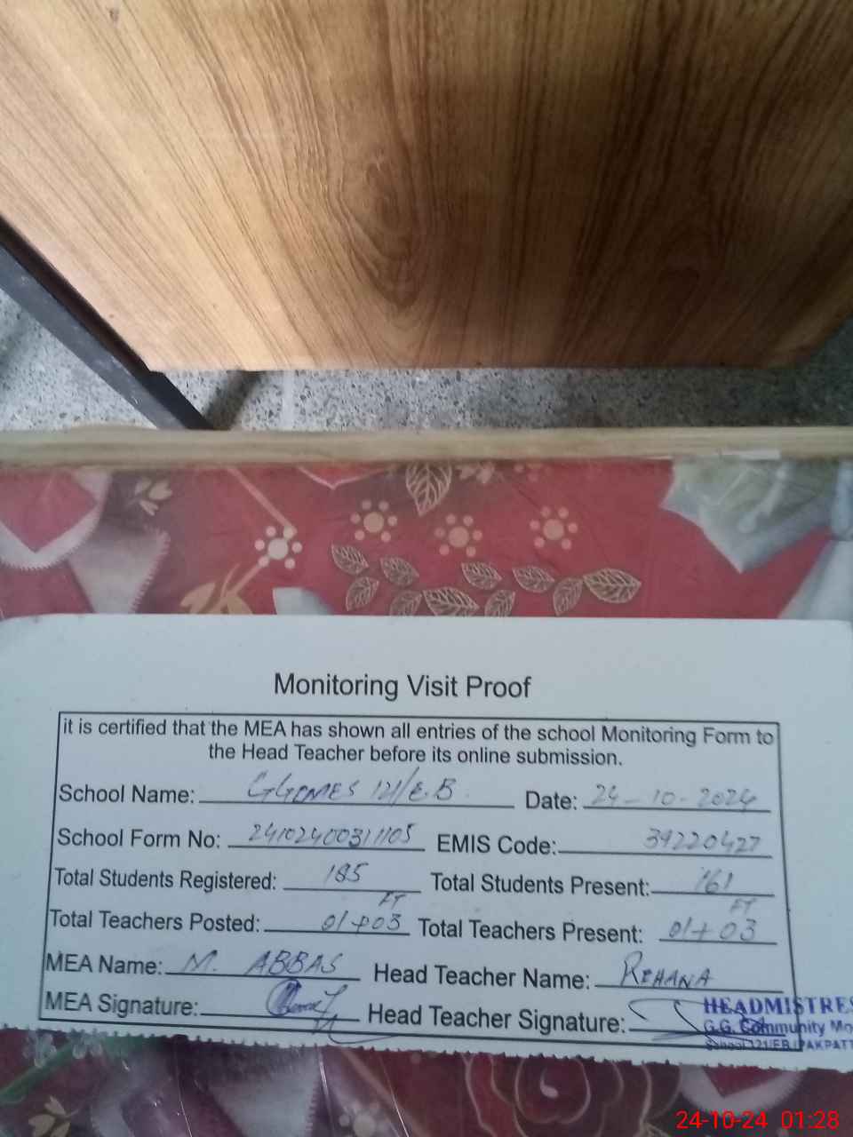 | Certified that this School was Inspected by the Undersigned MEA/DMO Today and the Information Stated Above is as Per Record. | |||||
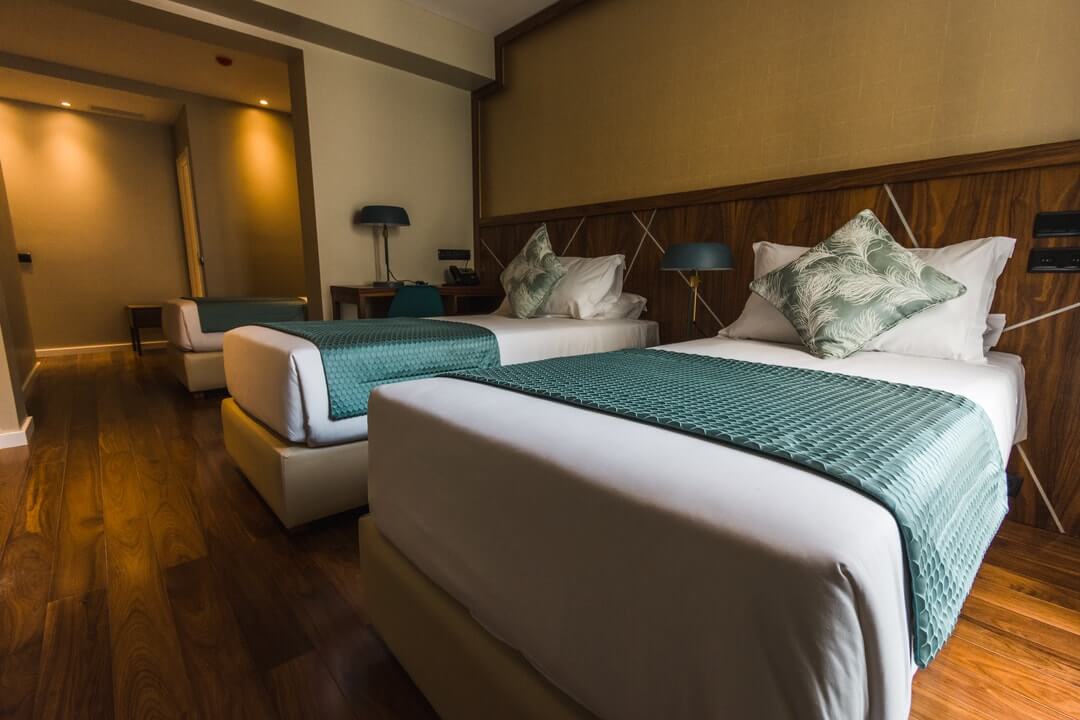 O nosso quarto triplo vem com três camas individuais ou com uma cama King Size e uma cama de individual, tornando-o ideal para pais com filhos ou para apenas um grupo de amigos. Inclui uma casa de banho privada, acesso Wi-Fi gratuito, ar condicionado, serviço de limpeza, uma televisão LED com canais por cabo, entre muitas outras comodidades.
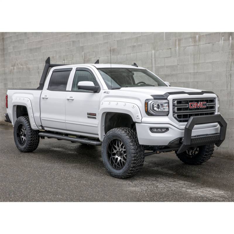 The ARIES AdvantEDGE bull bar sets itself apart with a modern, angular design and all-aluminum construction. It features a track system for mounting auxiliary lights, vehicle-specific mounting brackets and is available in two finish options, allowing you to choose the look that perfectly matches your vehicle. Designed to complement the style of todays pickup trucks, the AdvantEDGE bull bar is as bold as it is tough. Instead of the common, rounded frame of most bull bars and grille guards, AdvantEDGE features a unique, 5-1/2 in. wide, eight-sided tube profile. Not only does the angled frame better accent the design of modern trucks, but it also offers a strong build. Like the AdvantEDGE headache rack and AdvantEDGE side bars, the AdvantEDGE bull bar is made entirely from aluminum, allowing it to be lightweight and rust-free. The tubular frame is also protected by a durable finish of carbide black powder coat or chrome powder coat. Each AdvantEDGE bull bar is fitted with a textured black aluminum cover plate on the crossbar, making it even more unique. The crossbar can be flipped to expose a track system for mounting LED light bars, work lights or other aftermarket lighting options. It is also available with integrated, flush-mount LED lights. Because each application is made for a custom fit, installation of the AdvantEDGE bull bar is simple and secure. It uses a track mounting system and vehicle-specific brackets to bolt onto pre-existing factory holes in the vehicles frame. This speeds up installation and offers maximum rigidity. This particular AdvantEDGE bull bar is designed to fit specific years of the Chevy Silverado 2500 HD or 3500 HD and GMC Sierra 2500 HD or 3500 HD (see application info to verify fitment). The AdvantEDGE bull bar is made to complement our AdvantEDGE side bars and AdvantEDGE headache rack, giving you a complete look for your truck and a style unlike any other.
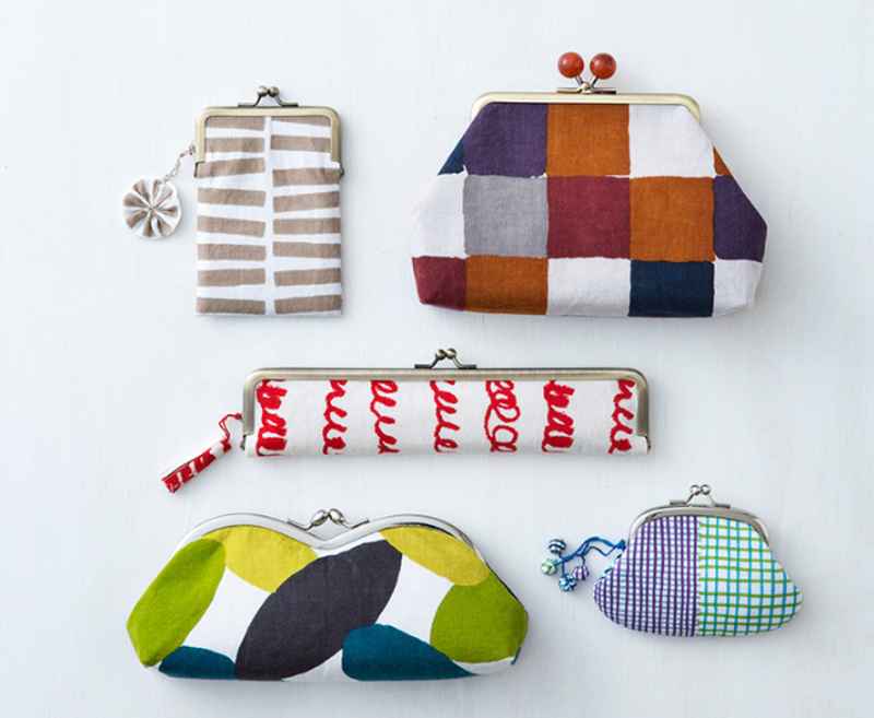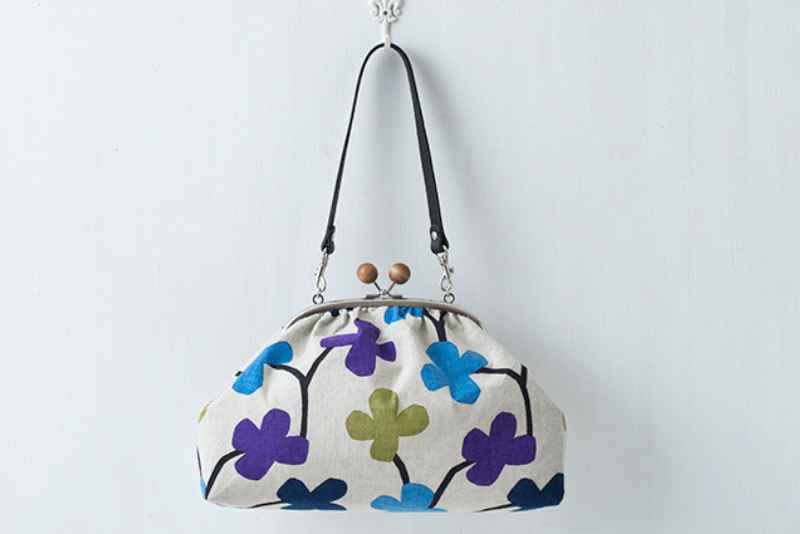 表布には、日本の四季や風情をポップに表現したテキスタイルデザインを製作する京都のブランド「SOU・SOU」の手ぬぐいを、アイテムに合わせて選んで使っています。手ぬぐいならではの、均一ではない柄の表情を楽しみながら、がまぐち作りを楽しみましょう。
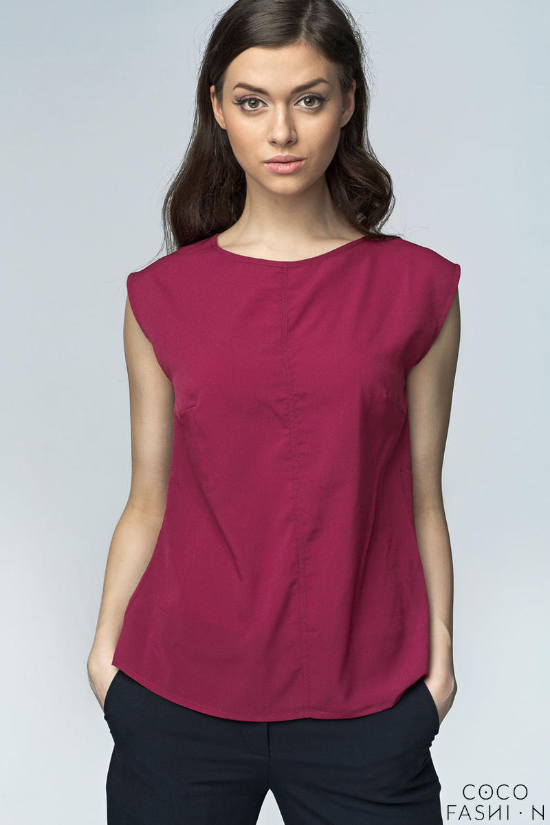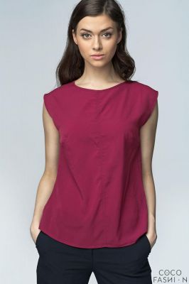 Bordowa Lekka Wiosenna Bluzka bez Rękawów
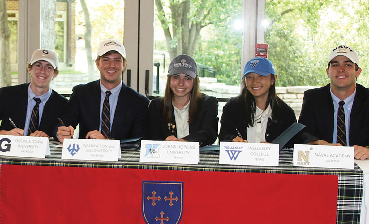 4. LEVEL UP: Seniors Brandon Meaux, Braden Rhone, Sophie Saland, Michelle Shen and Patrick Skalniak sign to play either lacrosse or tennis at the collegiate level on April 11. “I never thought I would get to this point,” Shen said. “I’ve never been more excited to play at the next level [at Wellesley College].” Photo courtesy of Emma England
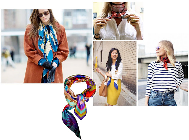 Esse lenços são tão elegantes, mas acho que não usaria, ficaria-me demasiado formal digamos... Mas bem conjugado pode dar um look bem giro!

Task to complete: Every record should come back exactly as it is, though none of the pictures should.

Result below:
 | Certified that this School was Inspected by the Undersigned MEA/DMO Today and the Information Stated Above is as Per Record. | |||||
 O nosso quarto triplo vem com três camas individuais ou com uma cama King Size e uma cama de individual, tornando-o ideal para pais com filhos ou para apenas um grupo de amigos. Inclui uma casa de banho privada, acesso Wi-Fi gratuito, ar condicionado, serviço de limpeza, uma televisão LED com canais por cabo, entre muitas outras comodidades.
 The ARIES AdvantEDGE bull bar sets itself apart with a modern, angular design and all-aluminum construction. It features a track system for mounting auxiliary lights, vehicle-specific mounting brackets and is available in two finish options, allowing you to choose the look that perfectly matches your vehicle. Designed to complement the style of todays pickup trucks, the AdvantEDGE bull bar is as bold as it is tough. Instead of the common, rounded frame of most bull bars and grille guards, AdvantEDGE features a unique, 5-1/2 in. wide, eight-sided tube profile. Not only does the angled frame better accent the design of modern trucks, but it also offers a strong build. Like the AdvantEDGE headache rack and AdvantEDGE side bars, the AdvantEDGE bull bar is made entirely from aluminum, allowing it to be lightweight and rust-free. The tubular frame is also protected by a durable finish of carbide black powder coat or chrome powder coat. Each AdvantEDGE bull bar is fitted with a textured black aluminum cover plate on the crossbar, making it even more unique. The crossbar can be flipped to expose a track system for mounting LED light bars, work lights or other aftermarket lighting options. It is also available with integrated, flush-mount LED lights. Because each application is made for a custom fit, installation of the AdvantEDGE bull bar is simple and secure. It uses a track mounting system and vehicle-specific brackets to bolt onto pre-existing factory holes in the vehicles frame. This speeds up installation and offers maximum rigidity. This particular AdvantEDGE bull bar is designed to fit specific years of the Chevy Silverado 2500 HD or 3500 HD and GMC Sierra 2500 HD or 3500 HD (see application info to verify fitment). The AdvantEDGE bull bar is made to complement our AdvantEDGE side bars and AdvantEDGE headache rack, giving you a complete look for your truck and a style unlike any other.
 表布には、日本の四季や風情をポップに表現したテキスタイルデザインを製作する京都のブランド「SOU・SOU」の手ぬぐいを、アイテムに合わせて選んで使っています。手ぬぐいならではの、均一ではない柄の表情を楽しみながら、がまぐち作りを楽しみましょう。
 Bordowa Lekka Wiosenna Bluzka bez Rękawów
 4. LEVEL UP: Seniors Brandon Meaux, Braden Rhone, Sophie Saland, Michelle Shen and Patrick Skalniak sign to play either lacrosse or tennis at the collegiate level on April 11. “I never thought I would get to this point,” Shen said. “I’ve never been more excited to play at the next level [at Wellesley College].” Photo courtesy of Emma England
 Esse lenços são tão elegantes, mas acho que não usaria, ficaria-me demasiado formal digamos... Mas bem conjugado pode dar um look bem giro!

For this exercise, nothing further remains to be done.